The majority of young Chinese think buying a home before getting married would increase their sense of belonging and security.
This practice typically known as bridewealth is still in many ways practiced today, as instead of land, owning a flat prior to marriage is considered very important for one’s prospects for a stable relationship. Buying a home is a huge achievement and in China, it has become the modern enactment of bridewealth for grooms to show off one’s financial ability to their potential wife’s parents.
Aside from the practice of ‘bridewealth’, according to a survey on home purchasing behaviour carried out by Beike Research Institute in July of 2021, around 75% of respondents both men and women aged 21 to 40 thought that buying a home before getting married would increase their sense of belonging and security. Similarly, many Chinese feel that buying a home can improve their quality of life and gain a foothold in property rights. For example, education, under the Hukou System (China’s registered resident system), children’s admission rights are strongly connected to this. And so, both women and men aim to buy property in a good catchment area for their future children.
Is this practice realistic?
The reality of achieving this cultural prerequisite in today’s property climate is becoming more and more difficult. Despite the slight increase in residential home sales and a dip of 0.2% in average new home prices, there is a growing number of unfinished homes which has caused many Chinese homeowners to consequently postpone their marriage and other future arrangements.

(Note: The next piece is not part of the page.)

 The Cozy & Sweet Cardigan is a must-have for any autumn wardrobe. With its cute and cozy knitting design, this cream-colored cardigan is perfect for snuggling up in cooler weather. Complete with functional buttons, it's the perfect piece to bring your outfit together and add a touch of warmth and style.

In China, future homeowners acquire houses through a pre-pay model, in which buyers purchase apartments that are unfinished. In return, property developers promise to deliver the completed homes within a specified timeframe, but with soaring debt, and a tightening regulatory environment aimed at winding down the industry, many developers have failed to meet their targets. As a consequence, this has left some people making mortgage payments years before being able to move into their home. Although it is common in other countries to pay a deposit on a housing unit before it’s built, unlike China, a mortgage payment is not required until the purchaser takes possession.
A growing number of unfinished homes has caused many Chinese homeowners to consequently postpone their marriage.

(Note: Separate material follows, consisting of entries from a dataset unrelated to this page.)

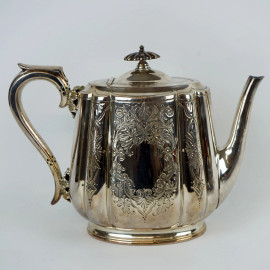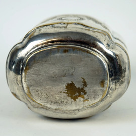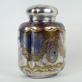 Lotto di tre oggetti in Sheffield, composto da una teiera, un barattolo porta tè ed una ciotola, alt. max cm 20, XX secolo, (segni del tempo).
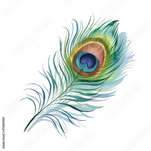 © creativemahfuz, Obraz premium Peacock feather on clear backdrop, decorative element for invitations and crafts embellishment, perfect for adding a touch of nature.
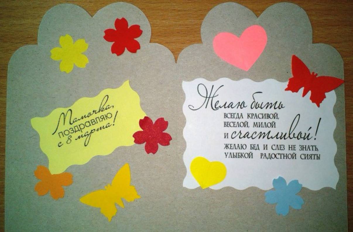 - можно дополнительно украсить открытку сердечками, бабочками и т.д.
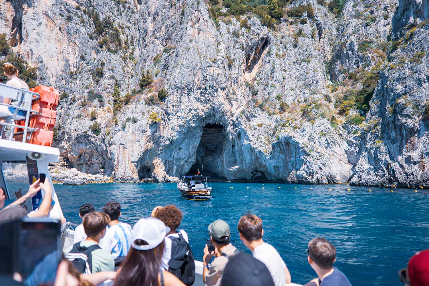 As the boat circles the island, prepare for breathtaking sights. Sail past the towering Faraglioni Rocks, Capri’s most iconic natural landmark, and capture photos from unique angles. Admire sea caves carved into cliffs, with the Blue Grotto standing out as the most enchanting of all. Hidden coves and lush vegetation create ever-changing scenery, blending Mediterranean beauty with a sense of mystery. Throughout the Capri Island Boat Tour, the turquoise waters reflect sunlight in a dazzling display, turning each moment into a postcard view.
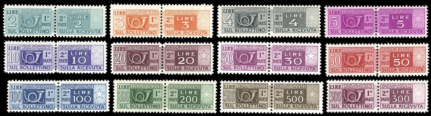 1946/51 - Filigrana ruota, serie completa (66/80), buona centratura, nuovi, gomma originale integra, perfetti. Cert. Oro Raybaudi per il 300 lire.
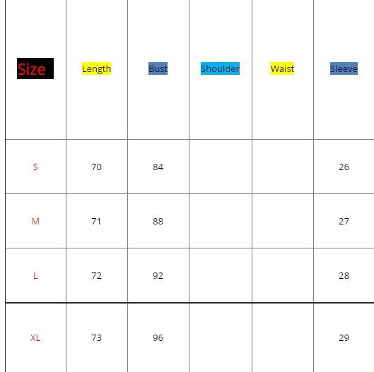 Size: S M L XL XXL

Moreover, property developers have stalled construction across China and many young Chinese are being saddled with mortgage payments on a house they might never see. A good example is Li, a technology firm worker who was interviewed by Bloomberg. Li uses a third of his salary to make monthly ‘4,000 RMB ($494.65) mortgage payments on a stalled Evergrande development’ in Wuhan. Without a completed apartment, Li now fears his prospects for a relationship. Unfortunately, he is one of the thousands with this daunting worry as many continue to seek financial help from their elders to pay off these payments.
Despite policymakers’ actions, Chinese buyers have started to boycott their mortgages and are pushing for local governments and developers to restart construction on their awaited homes. The exact timeframe in which these homes are expected to be complete remains uncertain, but the government has already boosted lending to builders to help them complete their projects and solve this impending problem within the upcoming months.